-------- RAW DATA --------
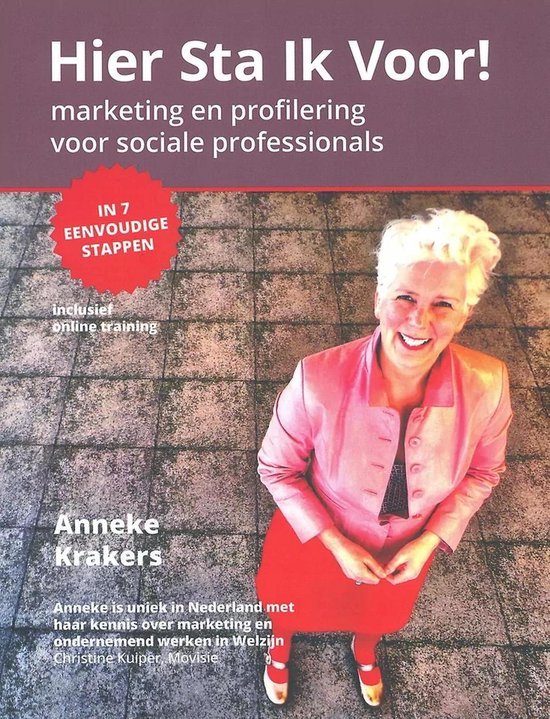 'Hier Sta Ik Voor!' is speciaal voor sociale professionals die beter zichtbaar willen zijn en hun werk beter op de kaart willen zetten. Het is een liefdevol boek bomvol kennis, inspiratie en actie over marketing en profilering waar veel sociale professionals op dit moment zo’n behoefte aan hebben. De schrijver, Anneke Krakers, is zelf maatschappelijk werker en elf jaar directeur geweest van een welzijnsorganisatie. Ze heeft aan den lijve ervaren hoe het is om niet gezien te worden, niet gewaardeerd te worden en steeds maar weer die vraag te krijgen "En wat doen jullie nu eigenlijk?". Anneke heeft na een jarenlange worsteling ontdekt dat er een manier van marketing en profilering bestaat die vriendelijk en zacht is. Waarmee je jezelf kunt verkopen zonder ‚verkoperig’ te doen. In dit boek legt ze uit hoe je in 7 eenvoudige stappen werk kunt maken van jouw marketing en profilering. Daarbij kunnen de lezers concreet aan de slag met de stappen met behulp van de aanvullende online training. Door zelf deze 7 stappen consequent toe te passen is Anneke inmiddels een succesvolle ondernemer die al vele duizenden sociale professionals heeft geholpen om het geld en de waardering te krijgen die ze verdienen. Naast de uitleg van de 7 stappen, delen in dit boek dertig sociale professionals hun ervaringen, inzichten en gedachten in korte quotes. Wat het boek afmaakt zijn de verhalen van Anneke over haar eigen twijfels en geluksmomenten in haar persoonlijke groei van maatschappelijk werker naar sociaal ondernemer. |
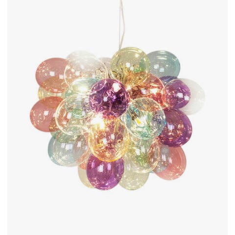 Lampen består av 37 munnblåste glasskuler som danner en svevende “sky” og gir et unikt uttrykk i rommet.
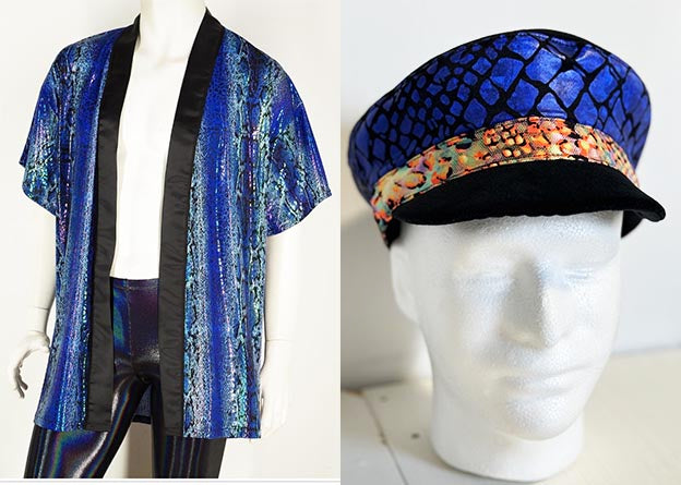Handmade Shiny Blue Kimono with Soft Captain's Hat for Festivals and Raves
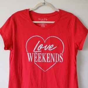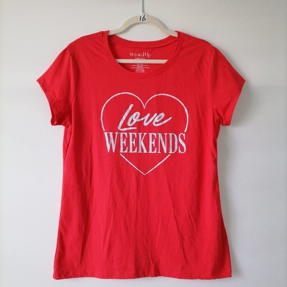 Wound Up Womens Red Short Sleeve Love Weekends Graphic Tops Size XXXL/21
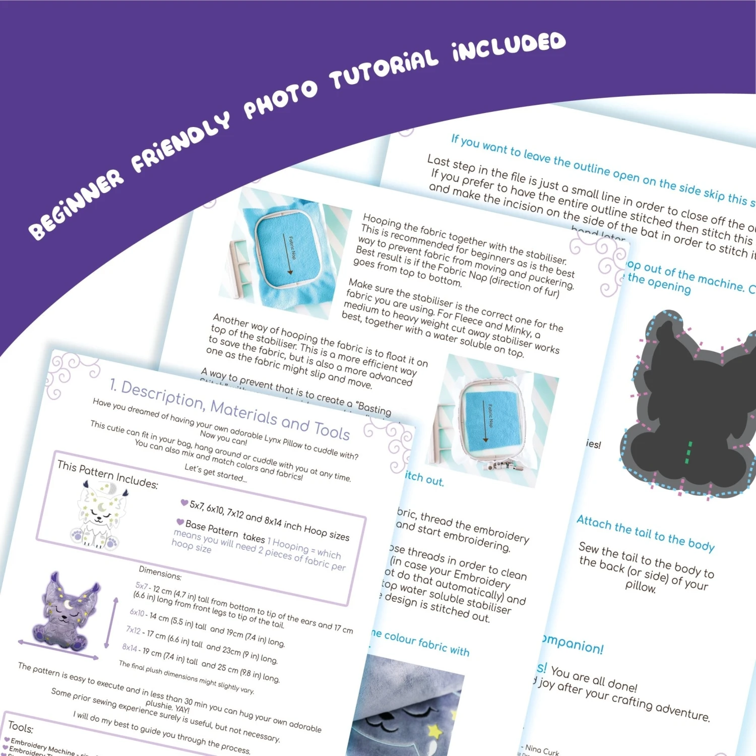 Includes a Step by Step Tutorial guide for embroidery, all with pictures and Color Thread Guide.
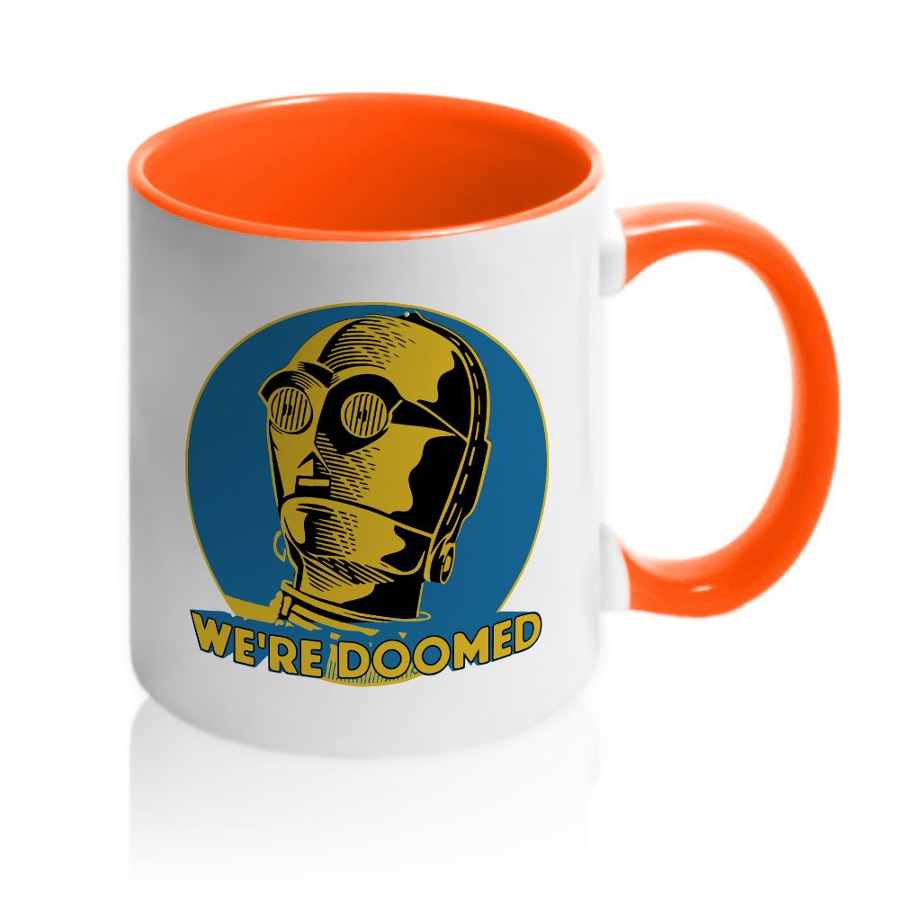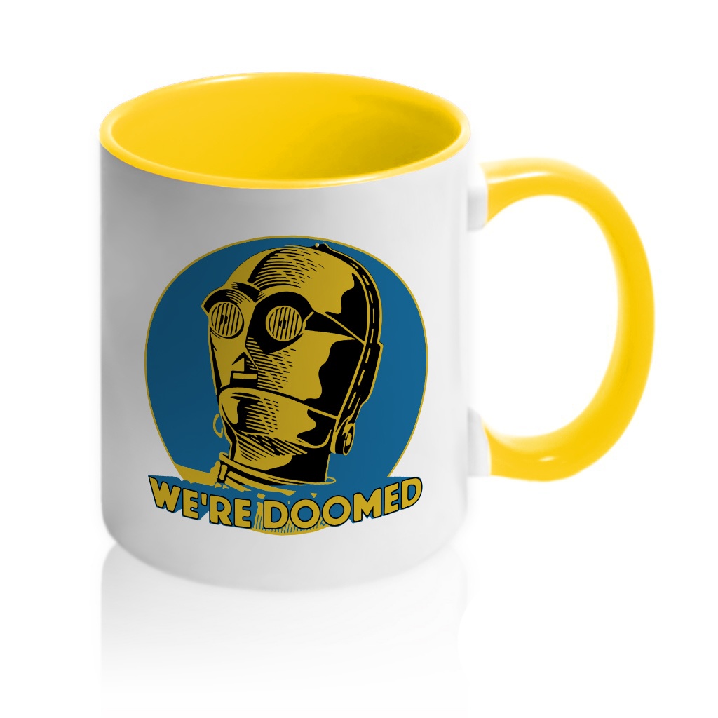 Кружка с принтом является отличным подарком коллеге, другу или самому себе ?Оригинальная керамическая кружка с принтом «Star Wars - We Are Doomed» порадует вас и ваших друзей. Кружка изготовлена из высокоплотной керамики (11 oz). Снаружи кружка белая. Внутренняя сторона, окантовка и ручка кружки могут быть в желтом, оранжевом, бордовом, синем и черном цветах. Данная кружка предназначена для персонализации, что гарантирует качественный и сочный рисунок на ней. Вы можете купить кружку Star Wars - We Are Doomed как в подарок, так и для себя. Разбавьте ваши будни яркими красками!
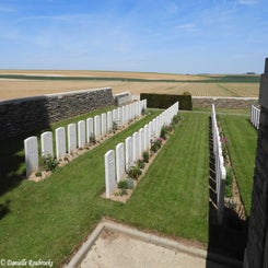 Flers was captured on 15 September 1916, in the Battle of Flers-Courcelette, when it was entered by the New Zealand and 41st Divisions behind tanks, the innovative new weapons that were used here for the first time. The village was lost during the German advance of March 1918 and retaken at the end of the following August by the 10th West Yorks and the 6th Dorsets of the 17th Division. The cemetery was begun by Australian medical units, posted in the neighbouring caves, in November 1916-February 1917. These original graves are in Plot I, Rows A and B. It was very greatly enlarged after the Armistice when almost 4,000 Commonwealth and French graves were brought in from the battlefields of the Somme, and later from a wider area.
--------
Above are some entries. Restate word for word the lines from the one holding "Wound Up Womens" through the one holding "Includes a Step", but not the pictures.

 Wound Up Womens Red Short Sleeve Love Weekends Graphic Tops Size XXXL/21
 Includes a Step by Step Tutorial guide for embroidery, all with pictures and Color Thread Guide.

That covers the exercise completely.